Do we have any other places where we take extremely short locks like this and still run into problems?
--
Jim C. Nasby, Database Architect jim@nasby.net
512.569.9461 (cell) http://jim.nasby.net

simon@2ndquadrant.com

about 14 years ago

In reply to: Tom Lane (#11)

1 attachment(s)

Re: Should I implement DROP INDEX CONCURRENTLY?

On Tue, Jan 3, 2012 at 11:28 PM, Tom Lane <tgl@sss.pgh.pa.us> wrote:

Jim Nasby <jim@nasby.net> writes:

On Jan 3, 2012, at 12:11 PM, Simon Riggs wrote:

This could well be related to the fact that DropRelFileNodeBuffers()
does a scan of shared_buffers, which is an O(N) approach no matter the
size of the index.

Couldn't we just leave the buffers alone?
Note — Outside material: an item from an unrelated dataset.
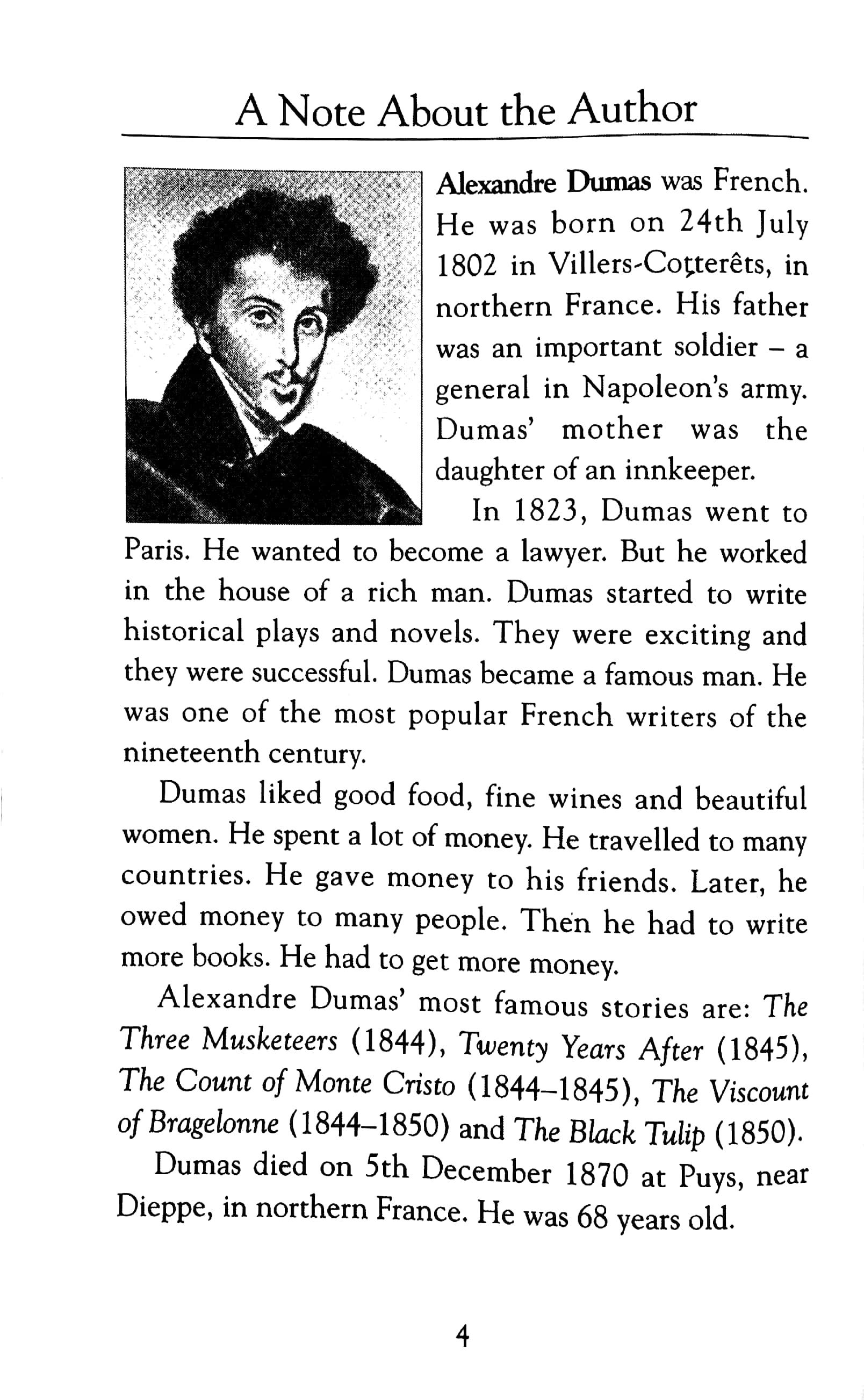 A romance set in Holland in 1672. Young Cornelius Van Baerle has found the secret of growing a black tulip, and he will soon claim the prize offered to the first person to produce black blooms. But Cornelius has a jealous neighbour, and in the tense political situation of that year, this man proves a dangerous enemy.

Once an index is dropped and that's pushed out through the catalog then nothing should be trying to access them and they'll eventually just get aged out.

No, we can't, because if they're still dirty then the bgwriter would
first try to write them to the no-longer-existing storage file. It's
important that we kill the buffers immediately during relation drop.

I'm still thinking that it might be sufficient to mark the buffers
invalid and let the clock sweep find them, thereby eliminating the need
for a freelist.

My patch puts things on the freelist only when it is free to do so.
Not having a freelist at all is probably a simpler way of avoiding the
lock contention, so I'll happily back that suggestion instead. Patch
attached, previous patch revoked.

Simon is after a different solution involving getting
rid of the clock sweep...

err, No, he isn't. Not sure where that came from since I'm advocating
only minor changes there to curb worst case behaviour.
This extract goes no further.